**Given entries:**
==================================================
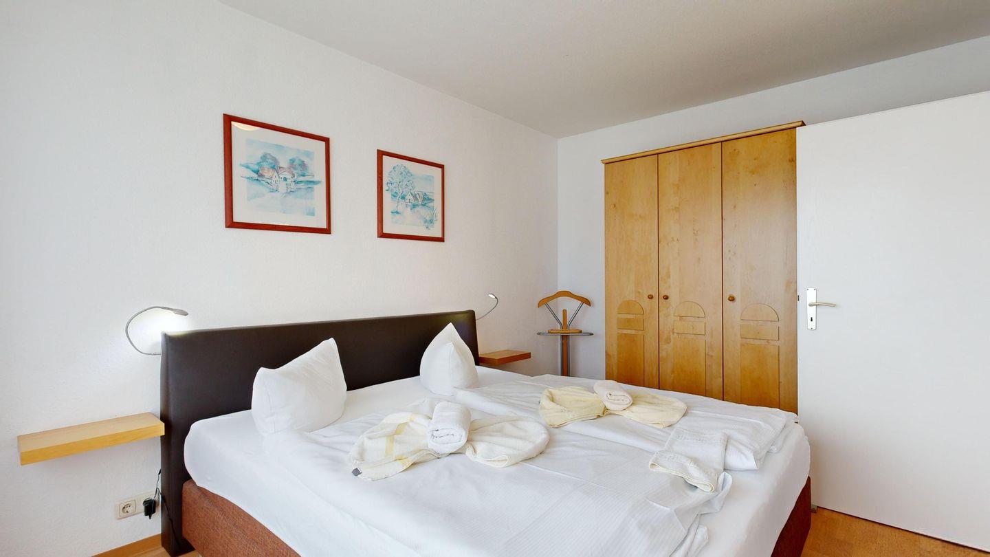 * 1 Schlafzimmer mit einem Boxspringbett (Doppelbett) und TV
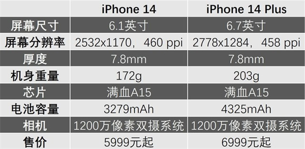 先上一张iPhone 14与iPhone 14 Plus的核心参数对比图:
==================================================
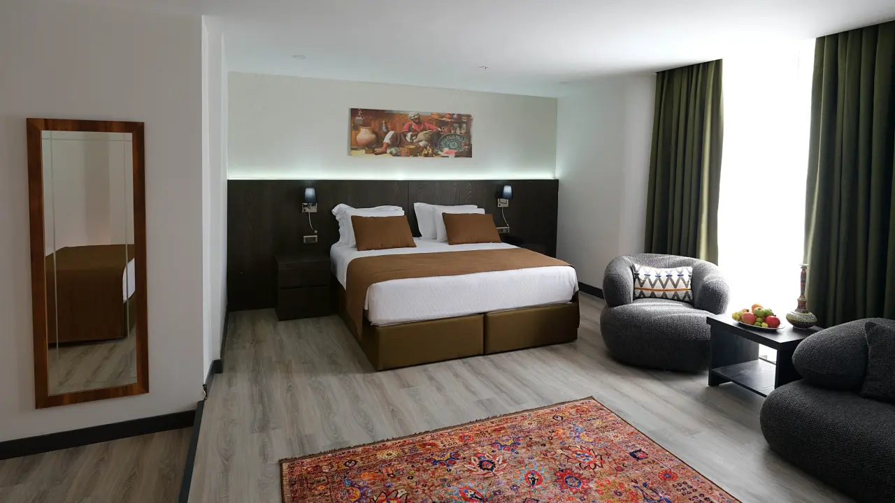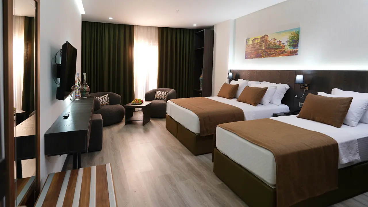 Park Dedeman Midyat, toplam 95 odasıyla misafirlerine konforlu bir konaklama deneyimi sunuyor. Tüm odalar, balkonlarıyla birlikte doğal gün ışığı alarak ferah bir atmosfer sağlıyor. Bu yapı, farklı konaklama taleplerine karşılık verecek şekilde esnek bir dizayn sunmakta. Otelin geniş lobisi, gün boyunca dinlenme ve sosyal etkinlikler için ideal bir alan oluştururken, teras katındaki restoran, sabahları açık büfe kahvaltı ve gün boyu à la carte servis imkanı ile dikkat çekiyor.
==================================================
**Exercise details:**
Only the lines starting at the one that includes "(Doppelbett) und TV" and ending at the one that includes "先上一张iPhone 14与iPhone 14" should be retyped, exactly, from the records above; no pictures.

**Result for this exercise:**
 * 1 Schlafzimmer mit einem Boxspringbett (Doppelbett) und TV
 先上一张iPhone 14与iPhone 14 Plus的核心参数对比图:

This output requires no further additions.